───── RECORDED INFORMATION ─────

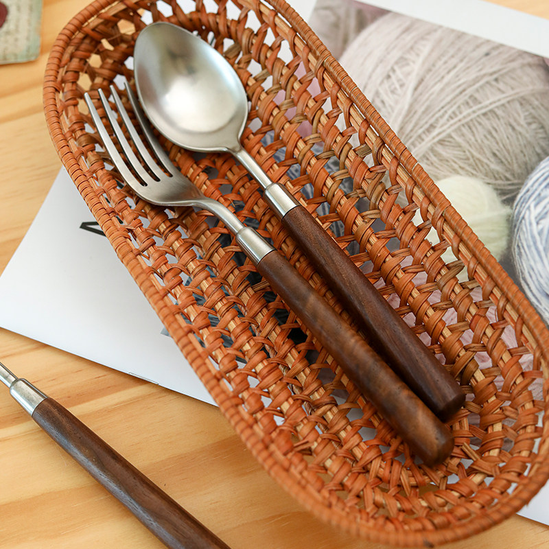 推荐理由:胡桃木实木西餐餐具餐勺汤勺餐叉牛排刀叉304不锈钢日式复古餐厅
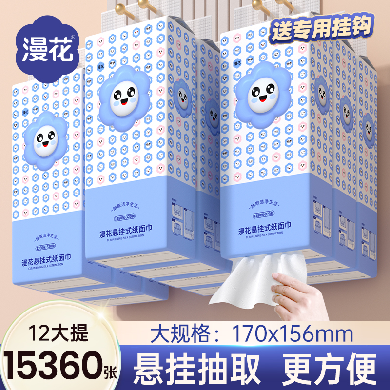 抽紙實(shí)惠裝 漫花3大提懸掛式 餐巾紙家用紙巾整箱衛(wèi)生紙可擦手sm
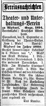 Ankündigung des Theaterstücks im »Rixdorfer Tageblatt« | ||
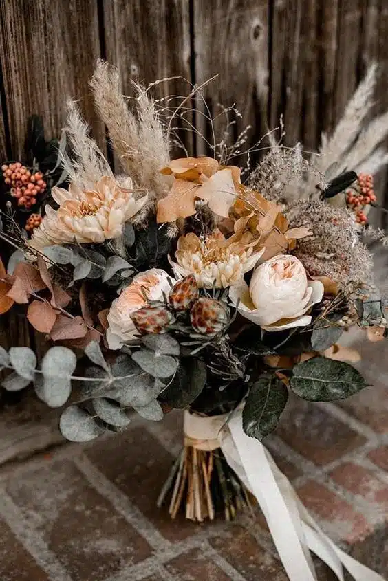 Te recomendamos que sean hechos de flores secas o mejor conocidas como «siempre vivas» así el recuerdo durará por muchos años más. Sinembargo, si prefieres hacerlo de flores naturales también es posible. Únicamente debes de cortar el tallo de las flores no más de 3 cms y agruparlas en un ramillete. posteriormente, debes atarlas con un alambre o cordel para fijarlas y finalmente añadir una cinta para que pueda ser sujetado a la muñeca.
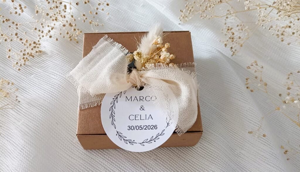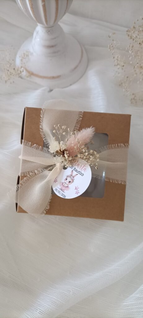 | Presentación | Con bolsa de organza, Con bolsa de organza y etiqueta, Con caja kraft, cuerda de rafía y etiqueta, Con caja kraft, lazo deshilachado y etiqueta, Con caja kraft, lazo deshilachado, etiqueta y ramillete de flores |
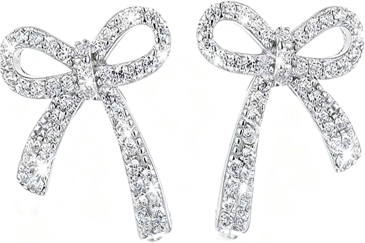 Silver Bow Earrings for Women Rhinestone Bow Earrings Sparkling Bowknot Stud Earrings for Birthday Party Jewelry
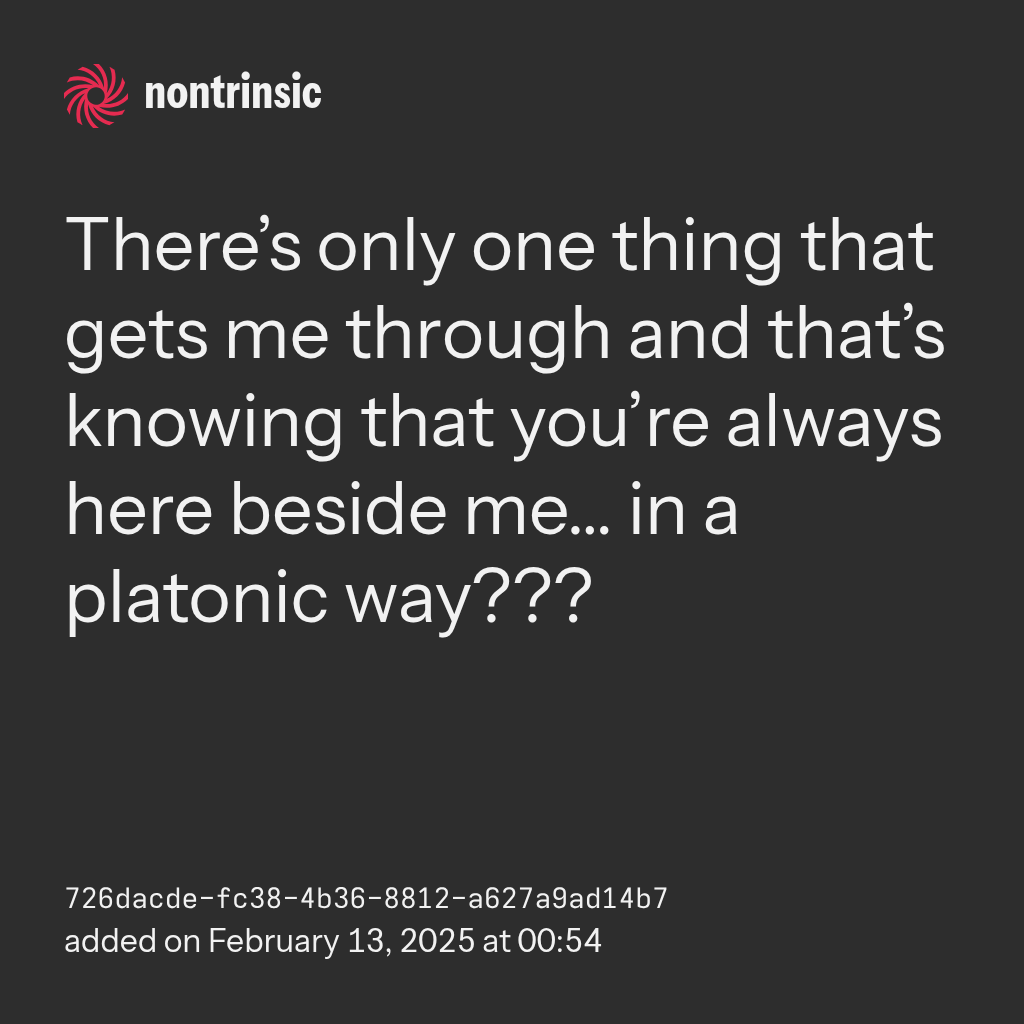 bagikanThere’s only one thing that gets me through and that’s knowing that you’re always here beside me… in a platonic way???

─────
───── RECORDED INFORMATION ─────

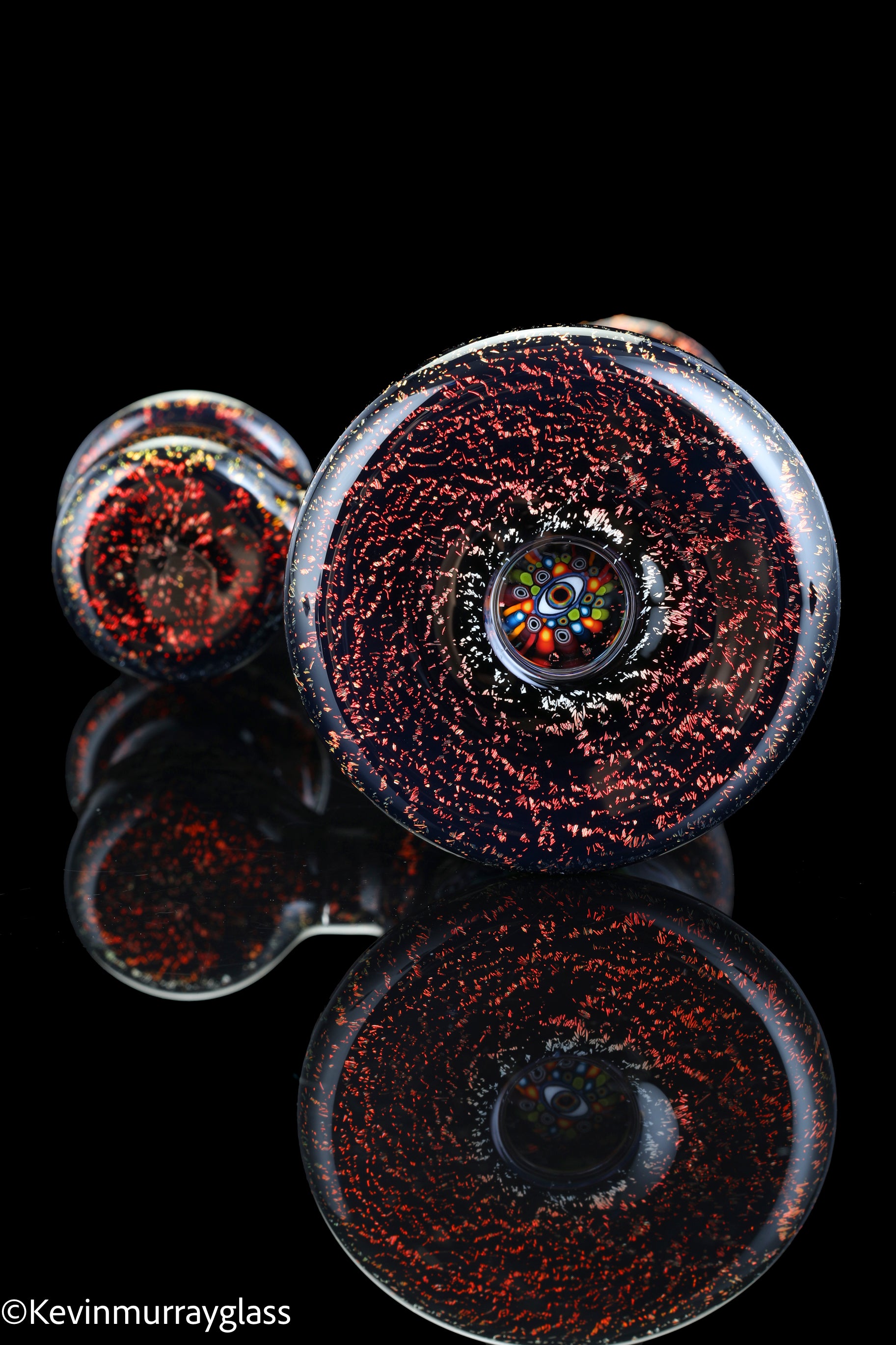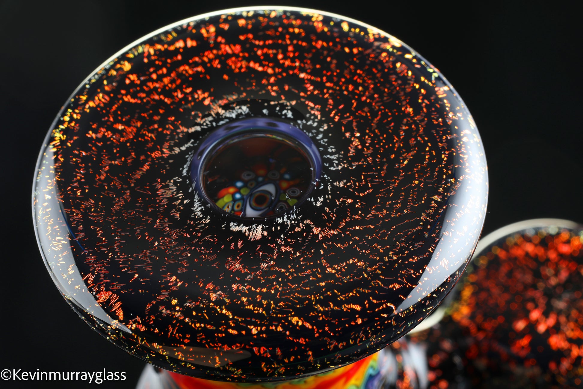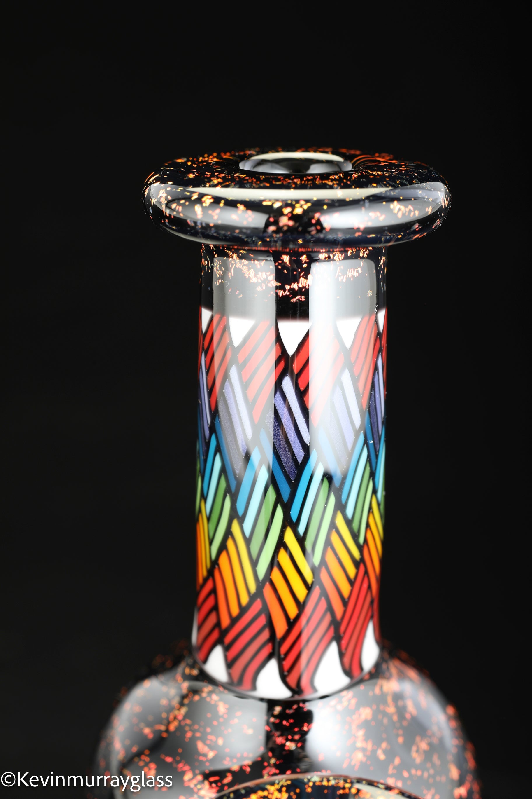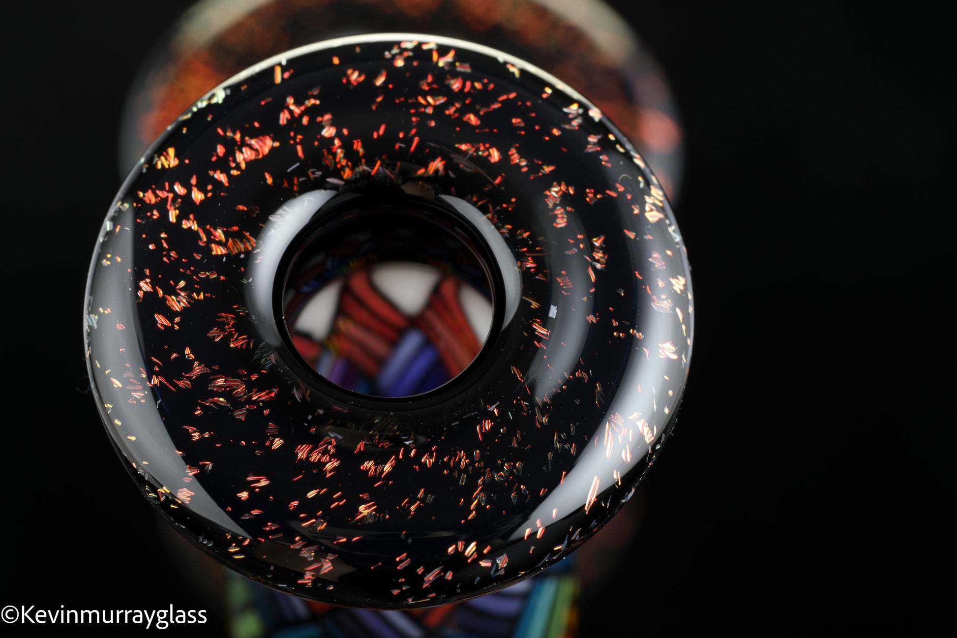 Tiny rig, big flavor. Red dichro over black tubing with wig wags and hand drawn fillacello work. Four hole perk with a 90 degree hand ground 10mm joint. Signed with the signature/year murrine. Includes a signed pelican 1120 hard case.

─────
───── RECORDED INFORMATION ─────

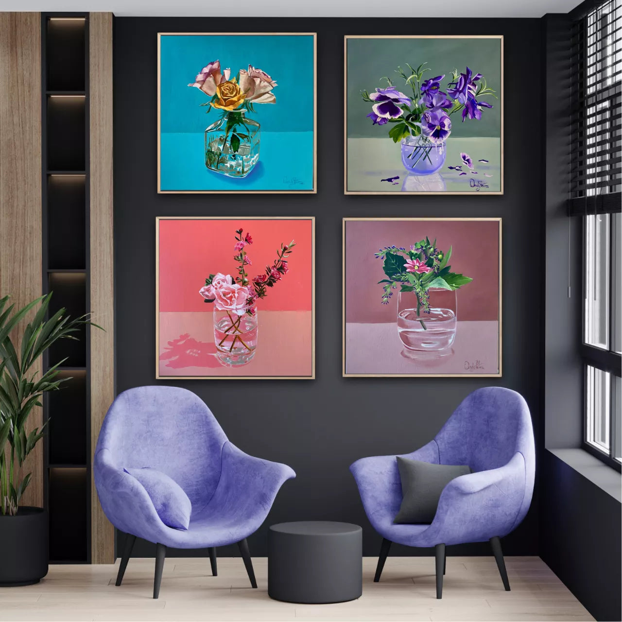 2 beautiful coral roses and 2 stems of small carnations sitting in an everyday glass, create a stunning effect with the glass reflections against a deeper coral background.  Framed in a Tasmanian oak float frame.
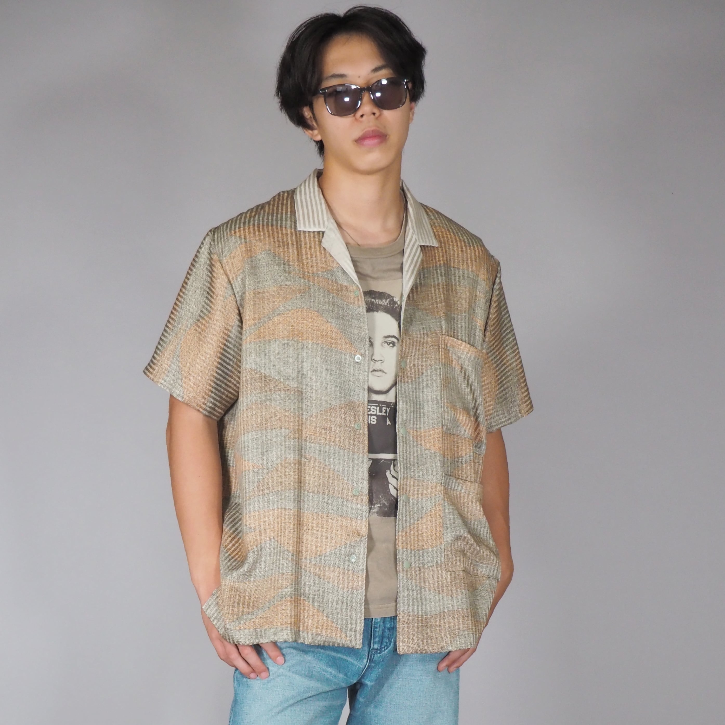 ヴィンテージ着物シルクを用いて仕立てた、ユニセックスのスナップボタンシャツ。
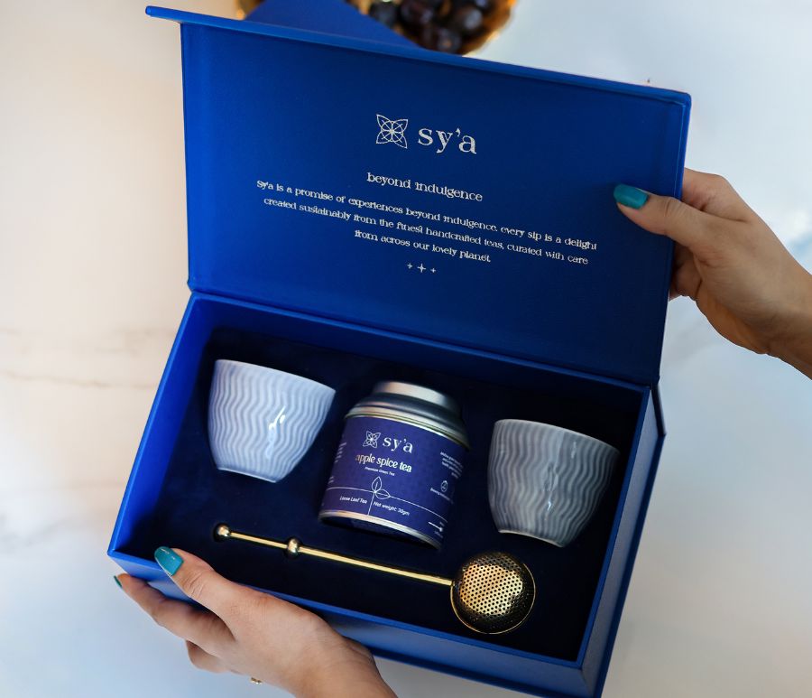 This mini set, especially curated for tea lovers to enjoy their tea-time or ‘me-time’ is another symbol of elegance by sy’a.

─────

▶ [ASSIGNMENT] Only one part of the material above is wanted: the lines from the one with "Ankündigung des Theaterstücks" up to and including the one with "Te recomendamos que". Please copy them exactly, pictures left out.

▶ [SOLUTION BELOW]
 Ankündigung des Theaterstücks im »Rixdorfer Tageblatt« | ||
 Te recomendamos que sean hechos de flores secas o mejor conocidas como «siempre vivas» así el recuerdo durará por muchos años más. Sinembargo, si prefieres hacerlo de flores naturales también es posible. Únicamente debes de cortar el tallo de las flores no más de 3 cms y agruparlas en un ramillete. posteriormente, debes atarlas con un alambre o cordel para fijarlas y finalmente añadir una cinta para que pueda ser sujetado a la muñeca.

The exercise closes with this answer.